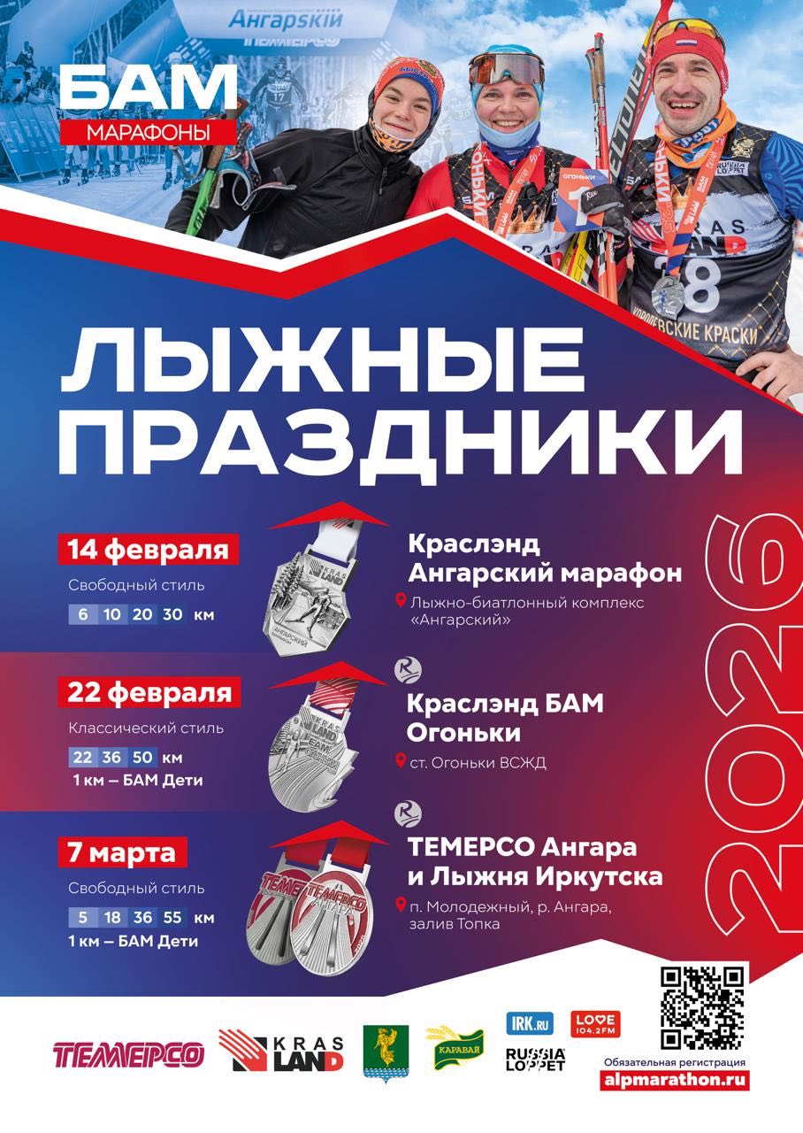 Серию мероприятий 14 февраля откроет «Краслэнд Ангарский марафон». Это спортивное событие проходит на самом современном объекте Иркутской области для лыжных гонок и биатлона – ЛБК «Ангарский». Идеально подготовленные трассы по стандарту Федерации лыжных гонок России на всех дистанциях – 6, 10, 20 и 30 км. Комфортная обстановка современного спортобъекта, удобная парковка. Предварительную регистрацию уже прошли более 200 человек.
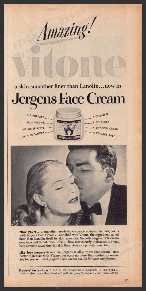 Jergens Face Cream with Vitone 1940s Print Advertisement Ad 1948
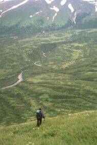 The base of the Alaska Peninsula extends outward from the end of the Alaska Range.[4]
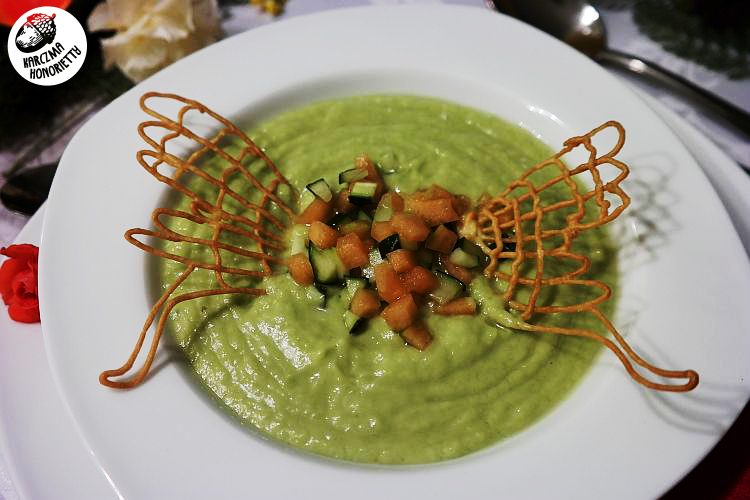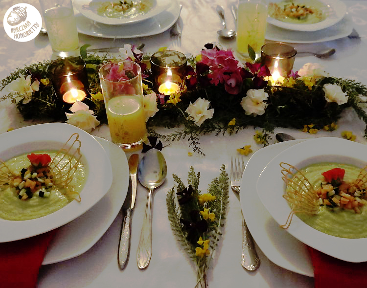 OCZAROWANIE UKOCHANEGO/SPORZĄDZENIE ZUPYZaczynamy od ogórków. Dwa duże odkładamy, a resztę obieramy ze skórki, pozbawiamy i kroimy w mniejsze kawałki. Obieramy awokado, wyjmujemy pestkę, i miksujemy z ogórkami przy pomocy miksera ręcznego
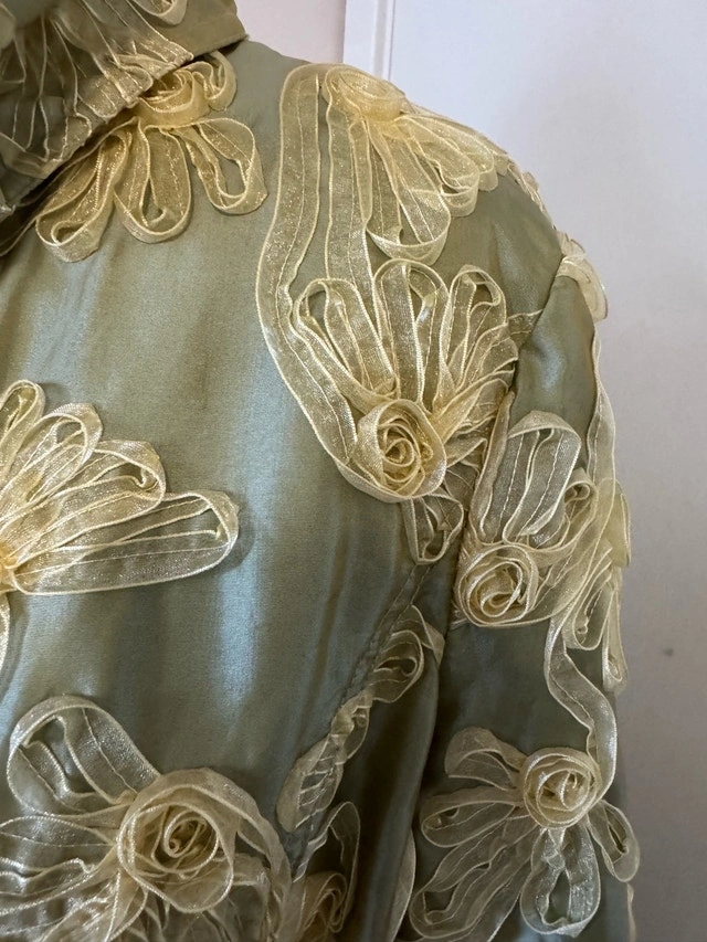 Ladies Size Medium Beautiful Dress Jacket - Like New Worn Twice lovely dinner / classy jacket it’s a light Green, with a blue gold colour shift with 3-D ribbon flowers Pick up in the lobby of my condo, located in Scarborough at Finch and McCowan
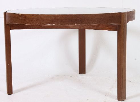 A retro Danish style teak round glass topped coffee table with shaped supports. H51 x W82cm
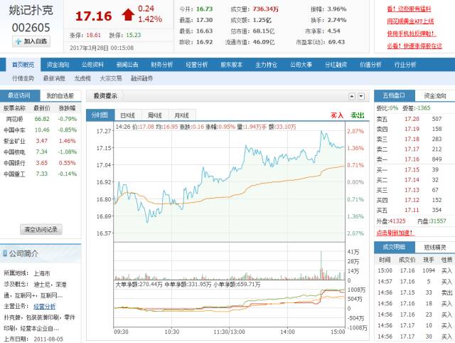 2011年8月5日,姚记扑克在深圳证券交易所A股成功上市,股票简称:姚记扑克,股票代码:002605。
====================
PROMPT —
Retype, exactly and only, the lines from the one containing "OCZAROWANIE UKOCHANEGO/SPORZĄDZENIE ZUPYZaczynamy" through the end of the entries, both ends included, and omit all pictures.

ANSWER TO THIS TASK —
 OCZAROWANIE UKOCHANEGO/SPORZĄDZENIE ZUPYZaczynamy od ogórków. Dwa duże odkładamy, a resztę obieramy ze skórki, pozbawiamy i kroimy w mniejsze kawałki. Obieramy awokado, wyjmujemy pestkę, i miksujemy z ogórkami przy pomocy miksera ręcznego
 Ladies Size Medium Beautiful Dress Jacket - Like New Worn Twice lovely dinner / classy jacket it’s a light Green, with a blue gold colour shift with 3-D ribbon flowers Pick up in the lobby of my condo, located in Scarborough at Finch and McCowan
 A retro Danish style teak round glass topped coffee table with shaped supports. H51 x W82cm
 2011年8月5日,姚记扑克在深圳证券交易所A股成功上市,股票简称:姚记扑克,股票代码:002605。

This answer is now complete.